The New New Internet: What is your view of Capital Hill's perspective on cyber security as it relates to civil liberties?
Leslie: We obviously have concerns about the Rockefeller Bill and some of its provisions. First and foremost we have a concern about the provision of the bill that seems to give the President unfettered power to shut down critical infrastructure, including the Internet. I consider that a bit dangerous and unnecessary and am strongly opposed to that as a civil liberties matter. The United States shouldn’t be seen as taking the lead in explicitly giving a President that power; if that were the case, what would our position have been had Iran shut down the Internet during the recent protests there over the presidential election? It has not only civil liberties implications to the United States but also has global implications. I think there is a legitimate concern behind that provision that if we were to face a cyber Katrina, the lines of authority for responding are unclear. Who is in charge and what is the response plan. If that is the real concern, then perhaps the answer is for each part of the critical infrastructure to coordinate with the government and have a doomsday plan worked out and put in place.

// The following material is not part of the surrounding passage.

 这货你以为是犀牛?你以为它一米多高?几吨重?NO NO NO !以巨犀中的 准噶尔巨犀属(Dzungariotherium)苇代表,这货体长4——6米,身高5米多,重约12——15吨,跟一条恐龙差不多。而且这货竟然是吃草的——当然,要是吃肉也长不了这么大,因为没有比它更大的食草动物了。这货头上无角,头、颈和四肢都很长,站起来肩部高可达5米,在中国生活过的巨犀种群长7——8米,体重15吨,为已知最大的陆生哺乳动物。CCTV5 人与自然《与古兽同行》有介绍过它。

We're also strongly opposed to the provision in the Rockefeller Bill that would give the Commerce Department the power ““ absolute power“”to acquire any information from any part of the critical infrastructure notwithstanding the limits set out in any other law; so in some ways it is giving the Department of Commerce more power to obtain information from networks than the FBI would have in a counterintelligence investigation. Again, if the goal is to encourage more information sharing, then lets do that without violating civil liberties. Security and liberty don't have to be at odds.
The New New Internet: What is the most important thing folk should think about as they read about what the Administration is doing in terms of cyber security?

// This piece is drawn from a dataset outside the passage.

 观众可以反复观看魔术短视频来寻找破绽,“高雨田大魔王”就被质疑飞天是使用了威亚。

Leslie: We are going to be looking to see how they turn their commitments about privacy into reality. The report makes really strong commitments about integrating privacy into just about every aspect of the plan. For example, the report endorses identity management, solutions for high value systems in order to build trust for online transactions. It is going to be really important from a privacy perspective to see what that actually means. Does that mean developing stronger identity in authentication in banking or does it mean having an Internet where everybody is identified and there is no anonymity? Those are two different approaches to anonymity. I believe the President's report intends to incorporate the second approach, which is a careful, strategic use of identity management in high value situations where it is particularly important and to reject the view that has been expressed by some cyber security experts that we shouldn't have anonymity, and we should be able to identify everybody online. That would be a tsunami with respect to how the Internet operates today. I think that is an important thing to watch.